Reputation: 1039
I am trying to unit test my code. I have a method that given a MySQL query, returns the result as a pandas dataframe. Note that in the database, all returned values in created
and external_id
are NULL. Here is the test:
def test_get_data(self):
### SET UP
self.report._query = "SELECT * FROM floor LIMIT 3";
self.report._columns = ['id', 'facility_id', 'name', 'created', 'modified', 'external_id']
self.d = {'id': p.Series([1, 2, 3]),
'facility_id': p.Series([1, 1, 1]),
'name': p.Series(['1st Floor', '2nd Floor', '3rd Floor']),
'created': p.Series(['None', 'None', 'None']),
'modified': p.Series([datetime.strptime('2012-10-06 01:08:27', '%Y-%m-%d %H:%M:%S'),
datetime.strptime('2012-10-06 01:08:27', '%Y-%m-%d %H:%M:%S'),
datetime.strptime('2012-10-06 01:08:27', '%Y-%m-%d %H:%M:%S')]),
'external_id': p.Series(['None', 'None', 'None'])
}
self.df = p.DataFrame(data=self.d, columns=['id', 'facility_id', 'name', 'created', 'modified', 'external_id'])
self.df.fillna('None')
print(self.df)
### CODE UNDER TEST
result = self.report.get_data(self.report._cursor_web)
print(result)
### ASSERTIONS
assert_frame_equal(result, self.df)
Here is the console output (note the print statements in the test code. The manually constructed dataframe is on top, the one derived from the function being tested is on the bottom):
. id facility_id name created modified external_id
0 1 1 1st Floor None 2012-10-06 01:08:27 None
1 2 1 2nd Floor None 2012-10-06 01:08:27 None
2 3 1 3rd Floor None 2012-10-06 01:08:27 None
id facility_id name created modified external_id
0 1 1 1st Floor None 2012-10-06 01:08:27 None
1 2 1 2nd Floor None 2012-10-06 01:08:27 None
2 3 1 3rd Floor None 2012-10-06 01:08:27 None
F
======================================================================
FAIL: test_get_data (__main__.ReportTestCase)
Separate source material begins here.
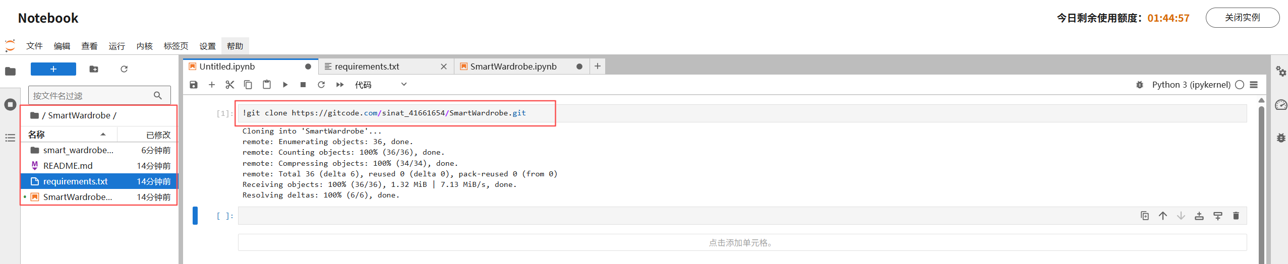 在SmartWardrobe目录下打开SmartWardrobe.ipynb文件,执行第一个cell下的命令,安装依赖包:

----------------------------------------------------------------------
Traceback (most recent call last):
File "/path/to/file/ReportsTestCase.py", line 46, in test_get_data
assert_frame_equal(result, self.df)
File "/usr/local/lib/python2.7/site-packages/pandas/util/testing.py", line 1313, in assert_frame_equal
obj='DataFrame.iloc[:, {0}]'.format(i))
File "/usr/local/lib/python2.7/site-packages/pandas/util/testing.py", line 1181, in assert_series_equal
obj='{0}'.format(obj))
File "pandas/src/testing.pyx", line 59, in pandas._testing.assert_almost_equal (pandas/src/testing.c:4156)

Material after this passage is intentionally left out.